Thanks in advance for all kind of informations you will give me
Federica


----------



## canamom

*Stay closer than Bangkok*

Hi, I think your gonna love this, there is a golf course near the town of bowin.Burpha Golf course! It is 5 minutes from siracha.
It has 36 holes and amazing housing., with the international school at the back.
Across the road is the lamchabang golf course also with a small grocery store.
The teachers at the school are awesome and the principal Heather Naro is amazing and will actually help you get in contact with the housing people.

Now the most amazing thing about this place for you is women! They have coffee every Thursday and friendships are made quite easliy. You will need people, it can be very isolating in Thailand,,,these girls are all expats...some from Sweden, texas, canada, korea, india, they are all awesome. They sometimes have girls night out about once a month.
You can get grocery in Pattaya, they have a international grocery store, and Bowin is just 5 minutes away and have a tesco grocery there.
There you can buy t.v,s , movies, basic grocery needs, but is really thai. i never bought my meat there but bought at the international grocery in bowin.

Okay, so if you stay on te golf course housing the girls have a little system to order fresh veggies fruit and bread at coffee break, and will be delivered faithfully right to your door on Fridays by 4:30.
There is another young girl that has 2 children not in school and could play with your children.
They have cooking classes once a month at the school., so nice to get out when you have little ones.

If you contact the International school eastern seaboard you will be able to email., Heather Naro,,,she is so kind and help ful.

Bangkok, is fun to shop but to live there is no place for children.
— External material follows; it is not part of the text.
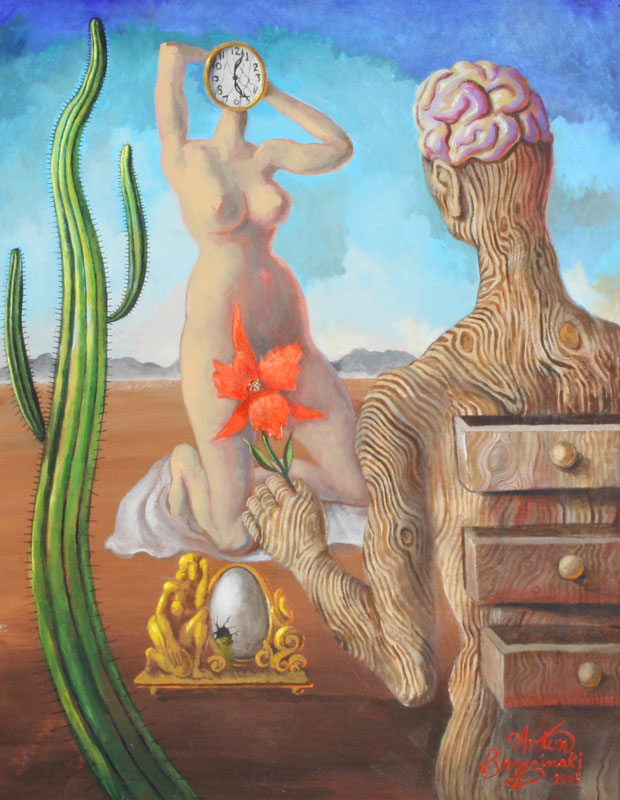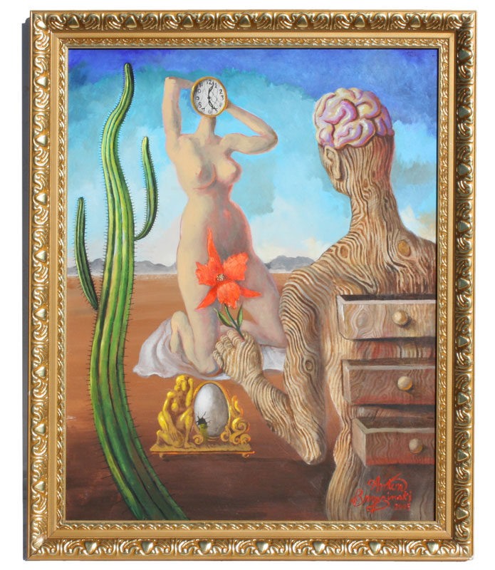 BRZEZINSKI, Anton, (American, 1946-): Surreal Dali-esque picture with Nude and Man, Oil/Board, 28'' x 22'', signed Anton Brzezinski lower right, dated 2005, framed, 32'' x 26''.

So so busy and polluted, you can see mountains out in the bowin area and green grass. I know there is a ton of housing there, townhouses and full out beautiful california homes. The golf house has a restaurant and pool and tennis court.

Make sure your company helps you to get satalite and phone , because if you don,t speak thai it can be rather frustrating. You buy internet by speed not by usage.
Cell phones are cheap,,,,you might want a driver , i didn,t have one . Our company was cheap and left us without a driver.
This is a good time for youbto do it if your gonna move, your kids will adjust easily. Mine was 10 and wanted to go home everyday which was more than frustrating to deal with.
If you have any other questions feel free to ask.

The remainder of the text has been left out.